▶ **Problem to solve**
Starting from the line with "diseases. (ii) When" and going up to and including the line with "1、进入首页,点击底部【发布】。", copy the listing below exactly. Leave all images out.

▶ **Given records**
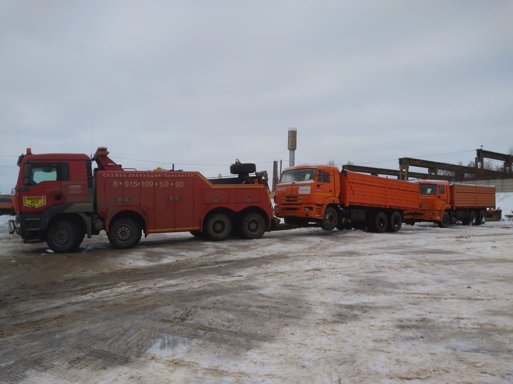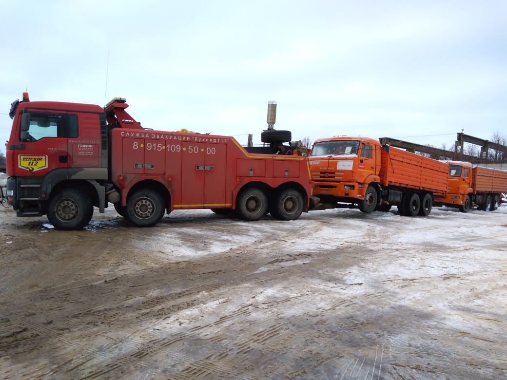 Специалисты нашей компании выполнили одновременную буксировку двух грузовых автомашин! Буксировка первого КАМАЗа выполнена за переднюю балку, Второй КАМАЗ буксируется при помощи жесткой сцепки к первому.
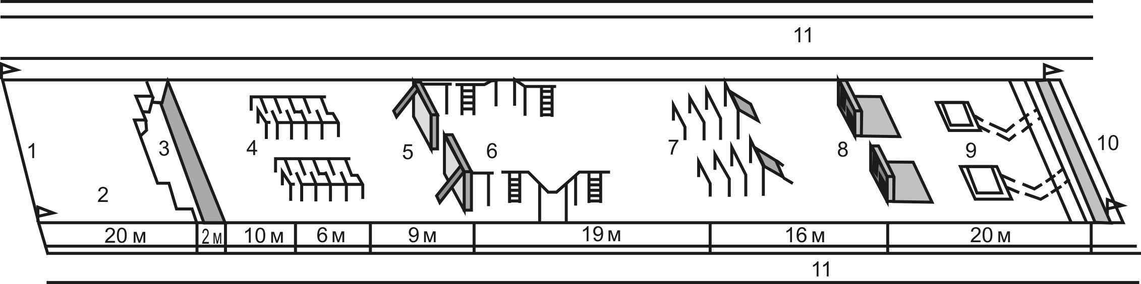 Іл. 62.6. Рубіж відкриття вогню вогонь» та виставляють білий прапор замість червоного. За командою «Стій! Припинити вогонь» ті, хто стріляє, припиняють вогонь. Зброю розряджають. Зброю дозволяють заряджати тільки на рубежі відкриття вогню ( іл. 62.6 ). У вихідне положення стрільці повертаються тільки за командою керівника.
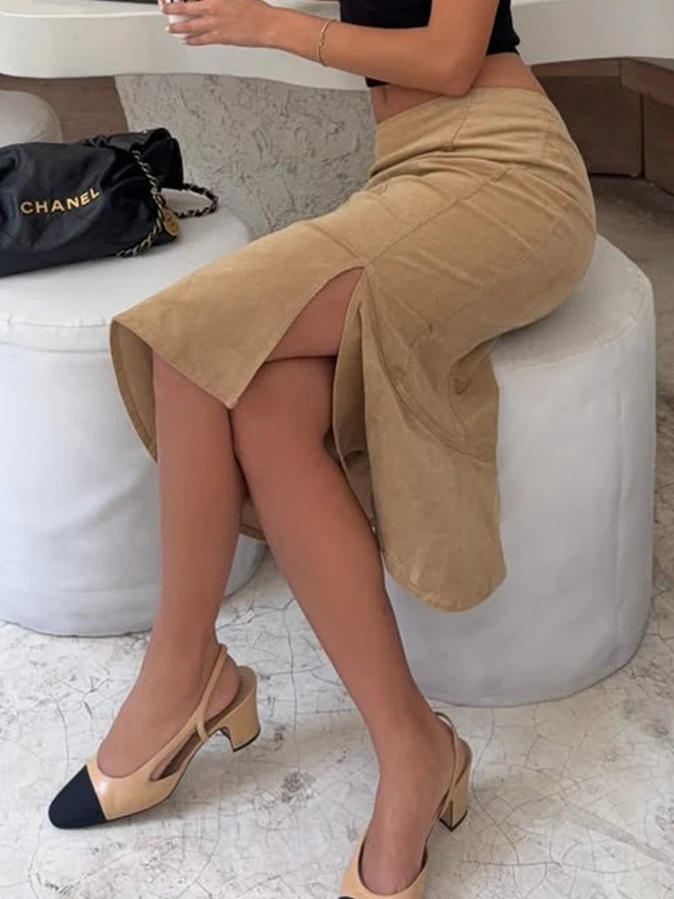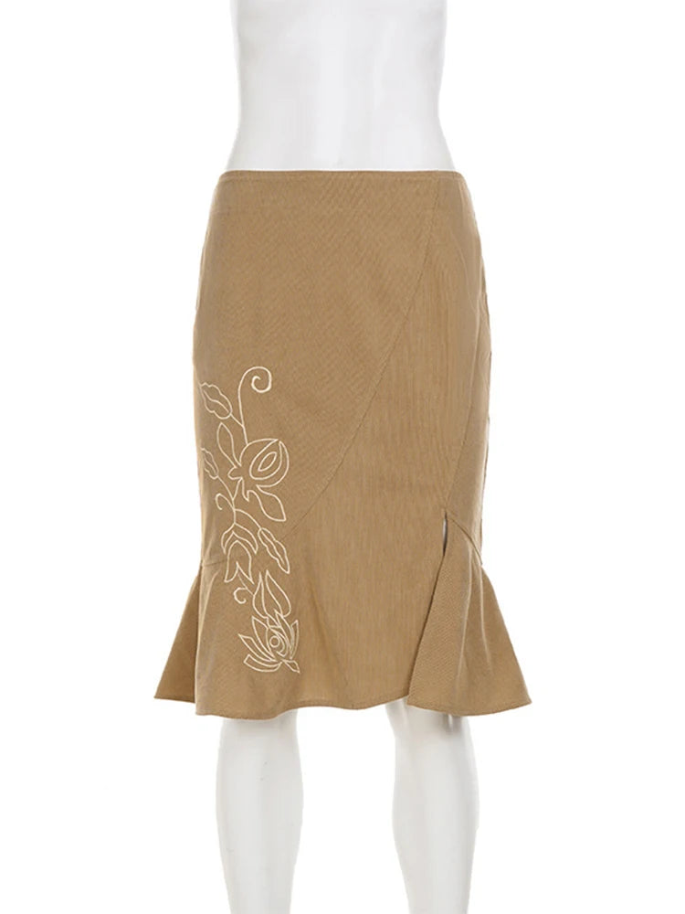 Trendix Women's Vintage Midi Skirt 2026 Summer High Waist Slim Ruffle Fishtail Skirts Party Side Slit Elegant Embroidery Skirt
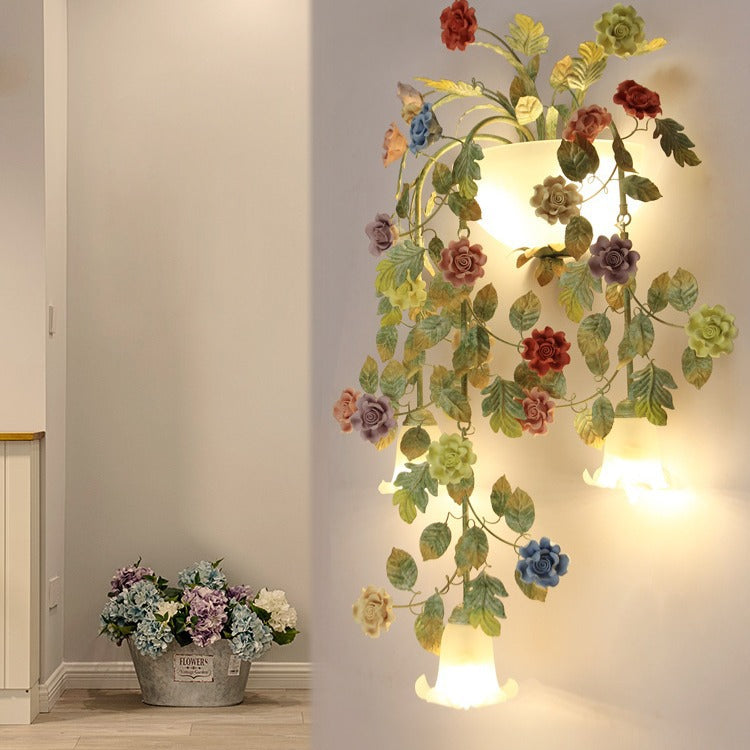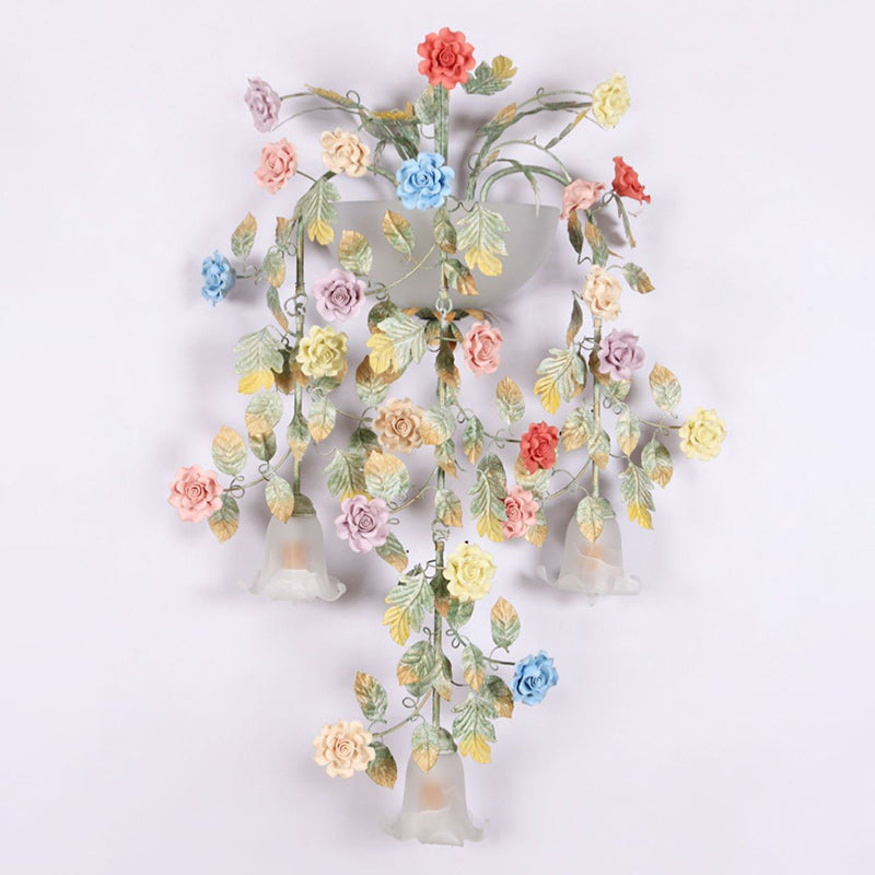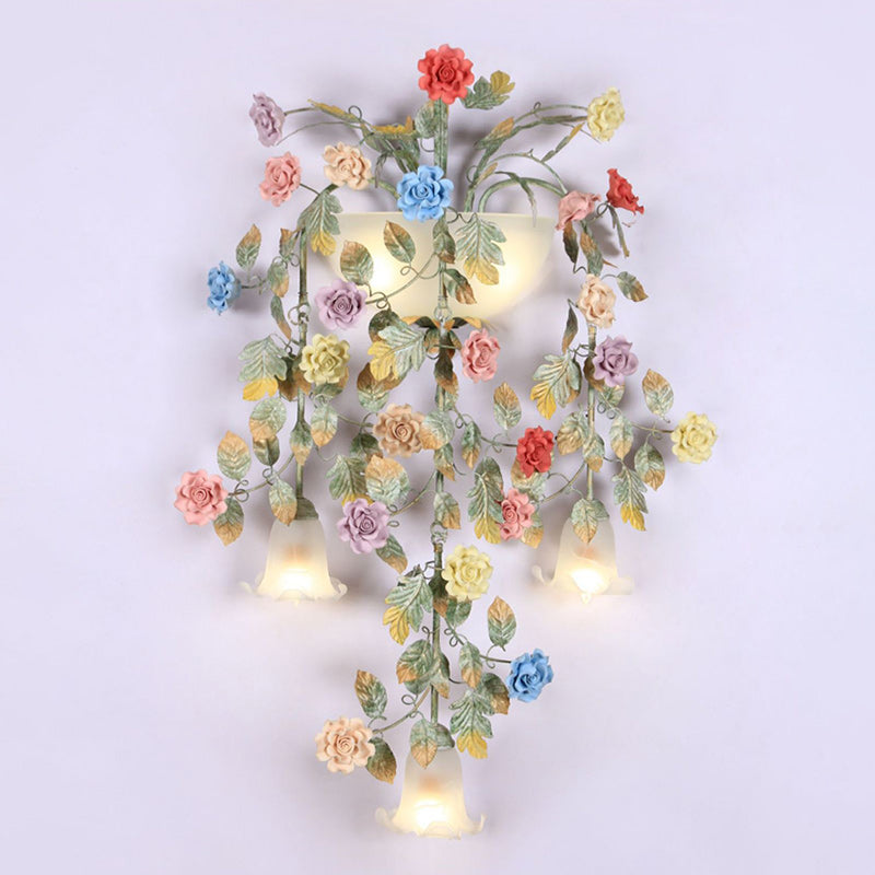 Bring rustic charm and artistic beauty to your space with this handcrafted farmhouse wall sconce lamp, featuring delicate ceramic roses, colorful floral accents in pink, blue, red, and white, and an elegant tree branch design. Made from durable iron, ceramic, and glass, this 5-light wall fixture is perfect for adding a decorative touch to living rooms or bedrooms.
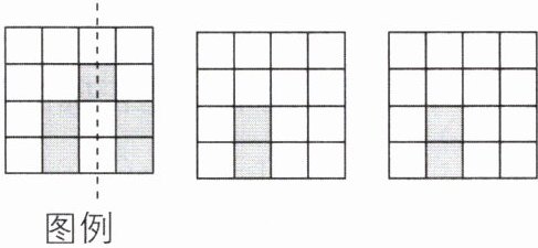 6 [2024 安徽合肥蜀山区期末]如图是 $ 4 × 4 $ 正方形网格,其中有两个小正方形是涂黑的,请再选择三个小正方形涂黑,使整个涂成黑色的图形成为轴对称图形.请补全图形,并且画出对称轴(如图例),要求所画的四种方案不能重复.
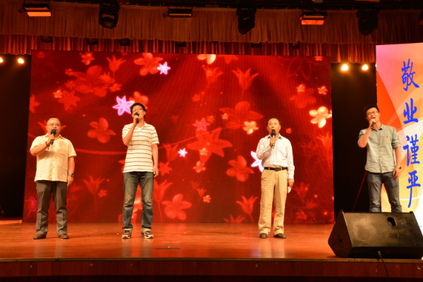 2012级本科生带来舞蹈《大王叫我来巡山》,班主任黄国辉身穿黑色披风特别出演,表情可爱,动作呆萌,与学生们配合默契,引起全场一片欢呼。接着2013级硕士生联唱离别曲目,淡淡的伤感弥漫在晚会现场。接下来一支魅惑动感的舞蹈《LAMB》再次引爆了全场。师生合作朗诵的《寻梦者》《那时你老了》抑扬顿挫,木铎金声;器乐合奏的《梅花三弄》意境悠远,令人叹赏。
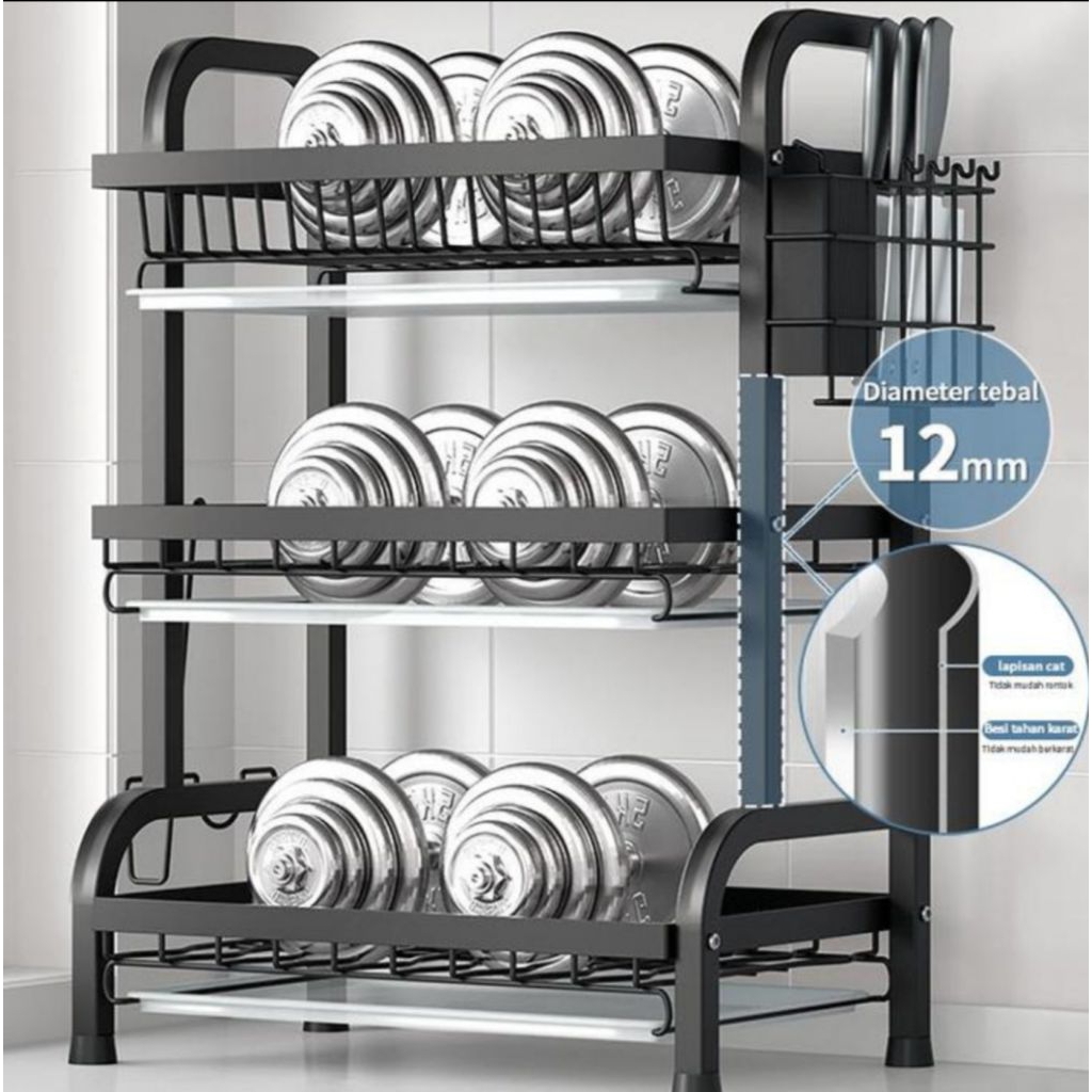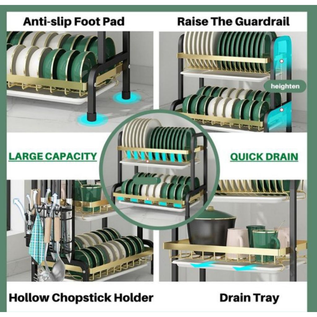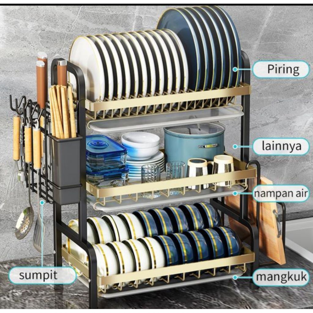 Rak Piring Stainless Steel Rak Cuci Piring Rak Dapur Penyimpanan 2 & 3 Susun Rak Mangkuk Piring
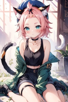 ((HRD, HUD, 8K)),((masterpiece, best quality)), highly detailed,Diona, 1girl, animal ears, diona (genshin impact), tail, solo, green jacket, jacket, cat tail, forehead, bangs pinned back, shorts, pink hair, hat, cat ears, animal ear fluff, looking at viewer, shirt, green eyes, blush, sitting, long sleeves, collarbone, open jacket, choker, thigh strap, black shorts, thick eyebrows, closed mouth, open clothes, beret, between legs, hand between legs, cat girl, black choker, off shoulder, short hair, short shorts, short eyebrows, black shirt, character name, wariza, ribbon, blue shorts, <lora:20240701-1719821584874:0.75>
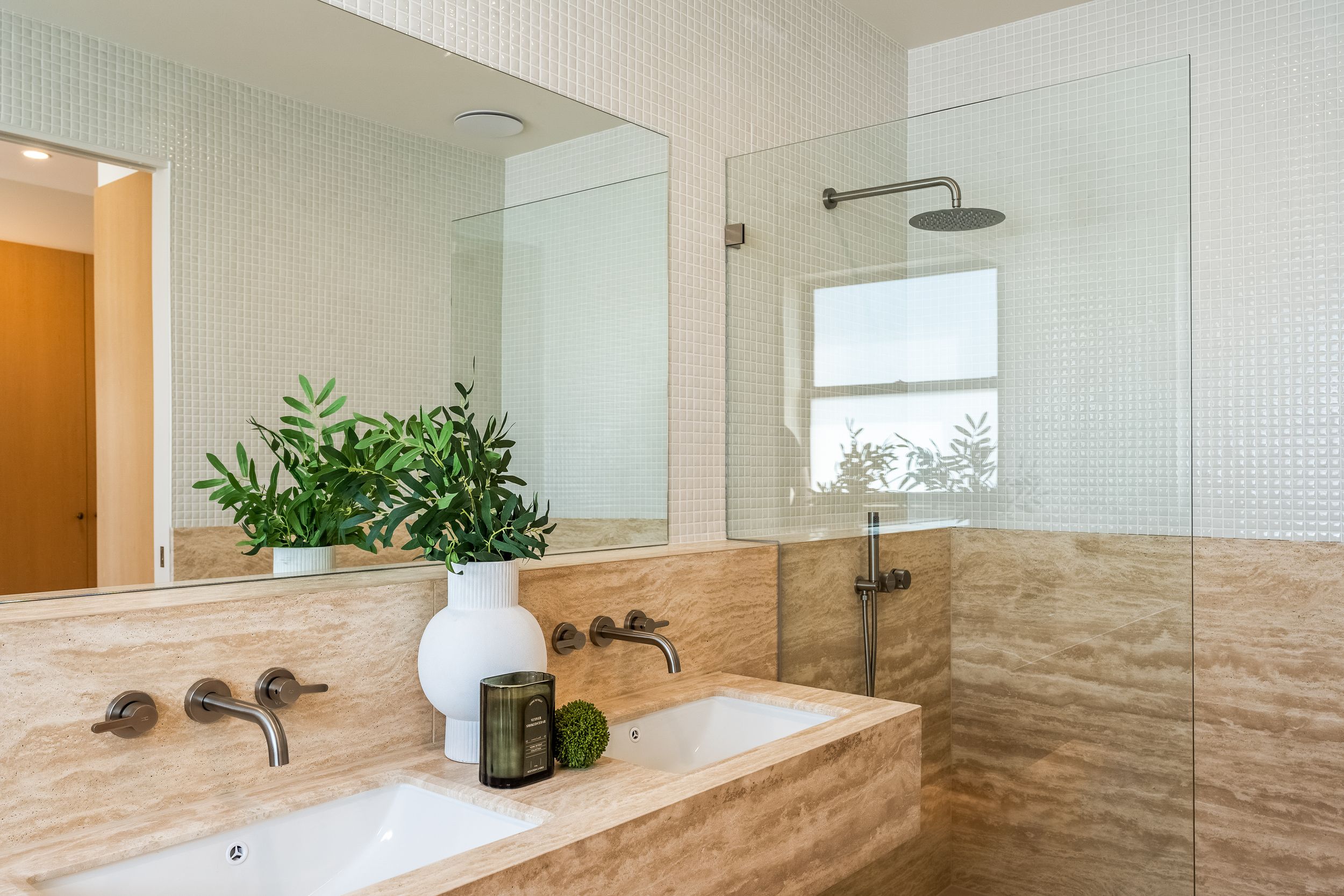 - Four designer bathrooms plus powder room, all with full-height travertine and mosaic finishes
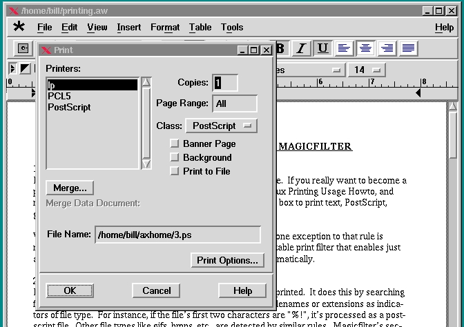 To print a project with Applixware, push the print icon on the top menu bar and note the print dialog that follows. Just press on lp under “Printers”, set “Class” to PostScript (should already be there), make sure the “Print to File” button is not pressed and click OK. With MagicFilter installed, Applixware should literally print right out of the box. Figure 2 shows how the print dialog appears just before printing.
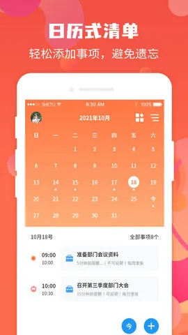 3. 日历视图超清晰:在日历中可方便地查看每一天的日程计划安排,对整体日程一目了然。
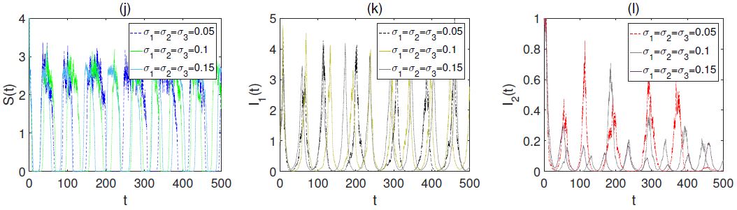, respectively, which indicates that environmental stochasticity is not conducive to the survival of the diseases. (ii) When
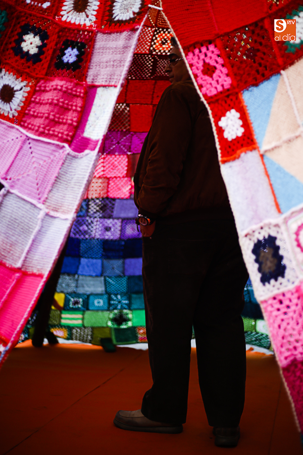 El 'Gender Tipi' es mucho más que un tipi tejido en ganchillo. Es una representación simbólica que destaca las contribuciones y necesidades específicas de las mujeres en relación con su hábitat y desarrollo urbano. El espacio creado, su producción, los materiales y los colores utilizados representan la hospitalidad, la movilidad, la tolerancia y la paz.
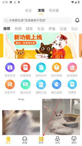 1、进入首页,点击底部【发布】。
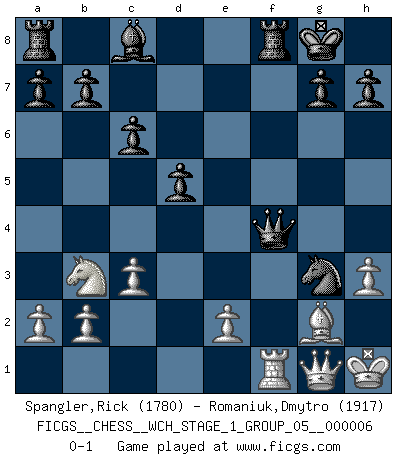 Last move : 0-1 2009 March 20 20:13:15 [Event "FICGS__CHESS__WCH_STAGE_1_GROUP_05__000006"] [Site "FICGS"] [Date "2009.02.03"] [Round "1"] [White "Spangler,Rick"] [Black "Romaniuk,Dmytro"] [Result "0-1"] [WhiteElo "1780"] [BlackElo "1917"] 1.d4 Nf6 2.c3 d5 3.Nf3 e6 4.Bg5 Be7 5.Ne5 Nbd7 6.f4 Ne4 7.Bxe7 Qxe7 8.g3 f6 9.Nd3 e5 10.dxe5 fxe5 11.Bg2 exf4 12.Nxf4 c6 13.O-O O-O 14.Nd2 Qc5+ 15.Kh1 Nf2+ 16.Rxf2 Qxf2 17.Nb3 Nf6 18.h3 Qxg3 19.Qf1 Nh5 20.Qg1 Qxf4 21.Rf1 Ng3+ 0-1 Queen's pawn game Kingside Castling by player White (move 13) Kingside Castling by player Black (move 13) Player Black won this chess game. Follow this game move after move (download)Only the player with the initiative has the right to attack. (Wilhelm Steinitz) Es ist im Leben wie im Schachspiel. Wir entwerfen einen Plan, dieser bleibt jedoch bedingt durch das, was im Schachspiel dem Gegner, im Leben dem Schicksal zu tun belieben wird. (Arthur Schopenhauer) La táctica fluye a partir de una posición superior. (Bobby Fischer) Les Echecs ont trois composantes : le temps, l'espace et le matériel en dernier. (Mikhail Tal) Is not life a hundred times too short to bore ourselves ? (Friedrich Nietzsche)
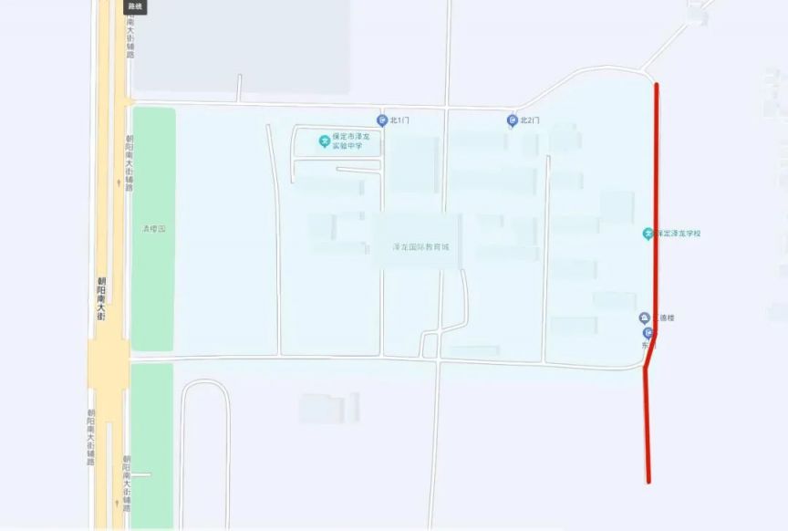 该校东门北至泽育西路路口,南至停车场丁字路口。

▶ **Result of this task**
, respectively, which indicates that environmental stochasticity is not conducive to the survival of the diseases. (ii) When
 El 'Gender Tipi' es mucho más que un tipi tejido en ganchillo. Es una representación simbólica que destaca las contribuciones y necesidades específicas de las mujeres en relación con su hábitat y desarrollo urbano. El espacio creado, su producción, los materiales y los colores utilizados representan la hospitalidad, la movilidad, la tolerancia y la paz.
 1、进入首页,点击底部【发布】。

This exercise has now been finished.